Thursday, November 4, 2010
How Bad Science (BS) Leads To Bad Public Policy.
In the current issue of NEWSWEEK, science columnist Sharon Begley proposes that K-12 science education should be devoted to teaching kids how to “detect Bad Science—BS, if you will.”
She cites in support a new book by Ben Goldacre of the London School of Hygiene & Tropical Medicine called Bad Science: Quacks, Hacks, and Big Pharma Flacks.
To both Begley and Goldacre, a big part of the problem is observational studies, “in which people who happen to behave one way (eating a lot of olive oil, drinking in moderation) have one health outcome, while people who choose to behave the opposite way have a different health outcome.”
What’s wrong with that? As Begley writes, “Unless people are randomly assigned to drink or not drink, those health outcomes are just as likely to reflect something inherent in the drinkers and teetotalers rather than the behavior.”
Which brings us back to the subject of yesterday’s post, and the Bad Science (BS) lurking behind the efforts of two Chicago aldermen, and politicians in many other jurisdictions, to ban drinks that combine alcohol and caffeine. According to yesterday’s press release, “medical experts say such controversial drinks can be hazardous because the caffeine may mask the effects of alcohol making it hard for young adults to realize how intoxicated they have become.”
This claim, repeated almost verbatim in every criticism of these products, appears to be based on a 2006 study conducted by researchers at Wake Forest University. Here is what those researchers wrote about the limits of their own study:
“This study used cross-sectional data, which limits our ability to assess causal relationships. In addition, the relationships between consumption of alcohol mixed with energy drinks, and high-risk drinking, and alcohol-related consequences may be a result of selection effects; specifically, sensation seeking individuals may be drawn to energy drinks, heavy alcohol consumption, and risky behaviors. This investigation was limited to college students from a specific geographic area, limiting its generalizability. Data were obtained by self-report; it is possible that survey respondents may have under- or overestimated their alcohol use and its consequences.”

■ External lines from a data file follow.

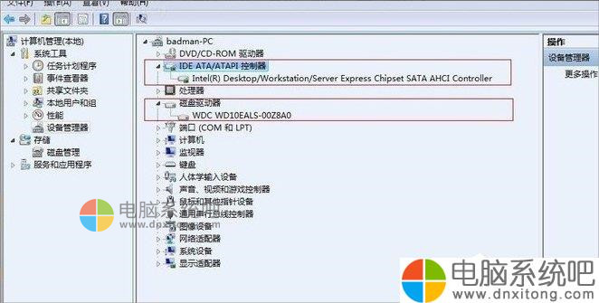 6、这时再到设置管理器中查看IED ATA/ATAPI控制器显示状态,已经认出主板AHCI驱动,而不是IDE模式了。
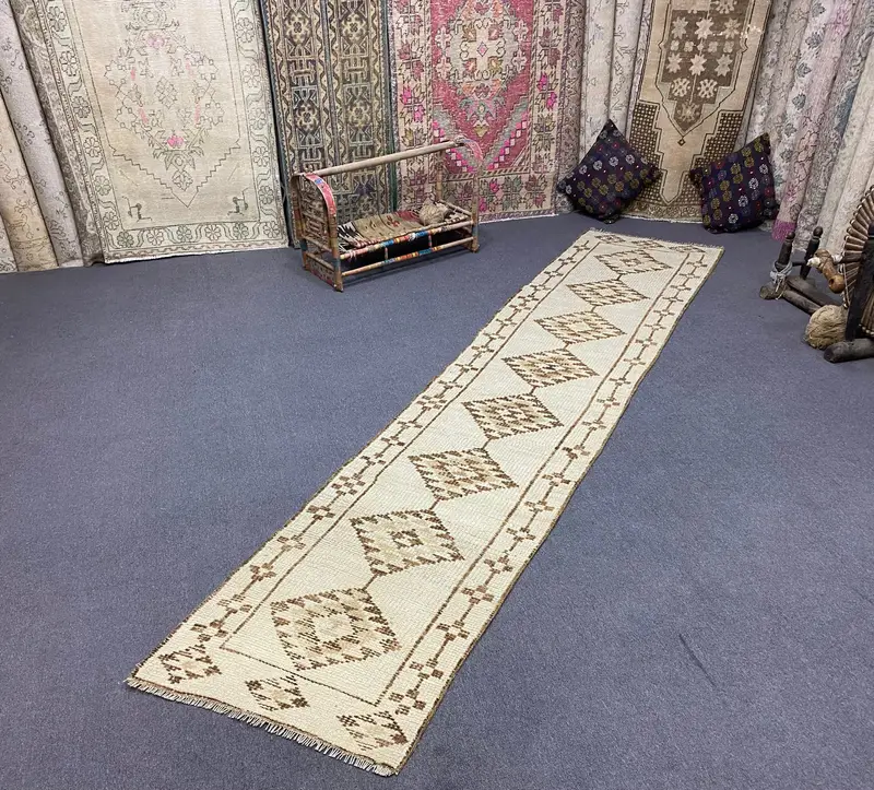 Elegant Beige & Brown Floral Rug, 2.3x11 ft Chic Decor
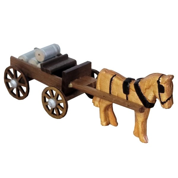 Encourage creative play with this collectible toy. Every detail is attended to here, from the horse's tail to the wagon seat. Four milk cans can be loaded and unloaded after the buggy rolls in!
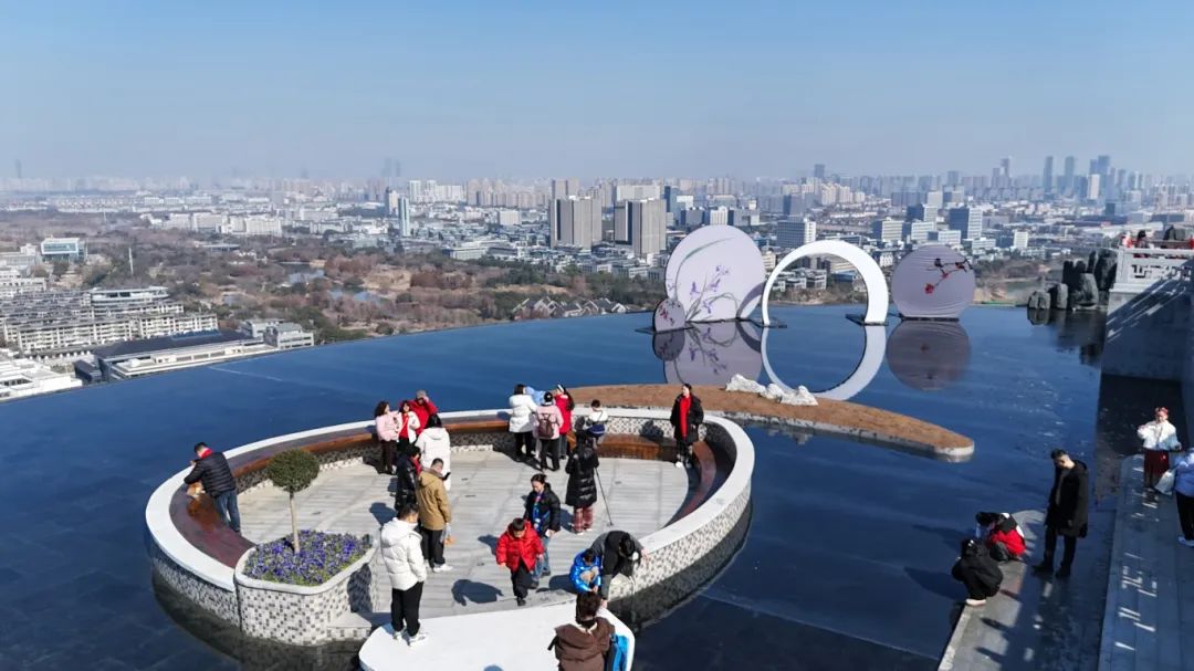 除夕夜的春晚画面中,雪浪山上身着粉衣的青年舞者犹如花中仙子出现在“天空之境”,带领观众一秒入画。“天空之境”区域保留春晚直播画面原貌向公众开放,一旁还设置了春晚主题打卡背景墙,让市民游客沉浸式体验春晚同款现场。相关负责人介绍,在春晚以及各类文旅新场景的带动下,景区旅游持续升温,春节假期预计将接待游客6万人次,同比增长一倍以上。
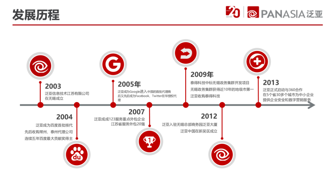 泛亚信息技术江苏有限公司成立于2003年5月,总部设立在被誉为“太湖明珠”的江苏省无锡市。是一家拥有完整的“互联网+”解决方案的供应商和服务商,专注于以国际化的视野引领传统企业模式与营销方式的创新,通过整合各大平台资源,构建一站式企业O2O系统解决方案,致力解决企业全网营销、品牌传播、广告媒体等各项需求,全面实现企业多元化应用,为政企客户提供全网一站式营销服务方案。经过多年深耕,现已成为为客户创造价值、深受用户广泛赞誉、具有卓越影响力的互联网服务机构,领跑在行业的前列,公司的客户遍布全国及东南亚地区,成为值得客户信赖的品牌。
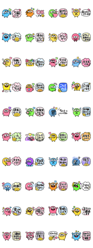 カラフルモンスターが敬語でお話!コンパクトで省スペースなスタンプです。
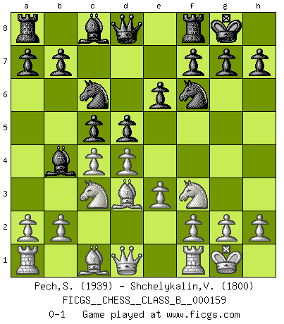 Last move : 0-1 2011 December 14 16:25:36 [Event "FICGS__CHESS__CLASS_B__000159"] [Site "FICGS"] [Date "2011.10.16"] [Round "1"] [White "Pech,Stepan"] [Black "Shchelykalin,Vyacheslav"] [Result "0-1"] [WhiteElo "1939"] [BlackElo "1800"] 1.d4 Nf6 2.c4 e6 3.Nc3 Bb4 4.e3 O-O 5.Bd3 d5 6.Nf3 c5 7.O-O Nc6 0-1 This chess game has been lost on time (started : 2011.10.16 17:33:48) Nimzo-Indian : 4.e3 O-O, 5.Bd3 d5 Kingside Castling by player Black (move 4) Kingside Castling by player White (move 7) Player Black won this chess game. Follow this game move after move (download)You need not play well - just help your opponent to play badly. (Genrikh Chepukaitis) Ich hatte meine größten Erfolge, als ich 47 Jahre alt war. Kasparow war noch nicht mal 42 und hat das Schach schon im Stich gelassen. (Viktor Kortschnoi) Los asuntos humanos son como una partida de Ajedrez: solo aquellos que no lo toman seriamente, pueden ser llamados buenos jugadores. (Hung Tzu Ch'eng) Ce qui caractérise les parties de combat, c'est que si le défenseur a constamment de difficiles problèmes à résoudre, l'attaquant doit chercher sans relâche de nouvelles possibilités d'attaque. (Koblentz) Once you start thinking you have nothing left to learn, you have everything to learn. (Steve Badget)

So this big medical claim is based on some kids who drank alcohol and caffeine together, which they did because they believed that combination would allow them to drink more before they felt drunk. Then afterwards they reported that they thought it worked.
That’s medical evidence?
The aldermen could easily have provided references to the science on which their proposal relies, so why didn’t they? Because the anti-alcohol activists who spoon feed this junk to the politicians don’t give it to them, the politicians don’t ask for it, and that’s how public policy is made.
The fraud, of course, it that next year when they run for reelection these aldermen will brag about how they “fought to protect kids from beverage companies who put profits ahead of the health and safety of Chicago families.” What they are really doing is encouraging risky behaviors by giving credence to the myths on which those behaviors are based. Shame on them.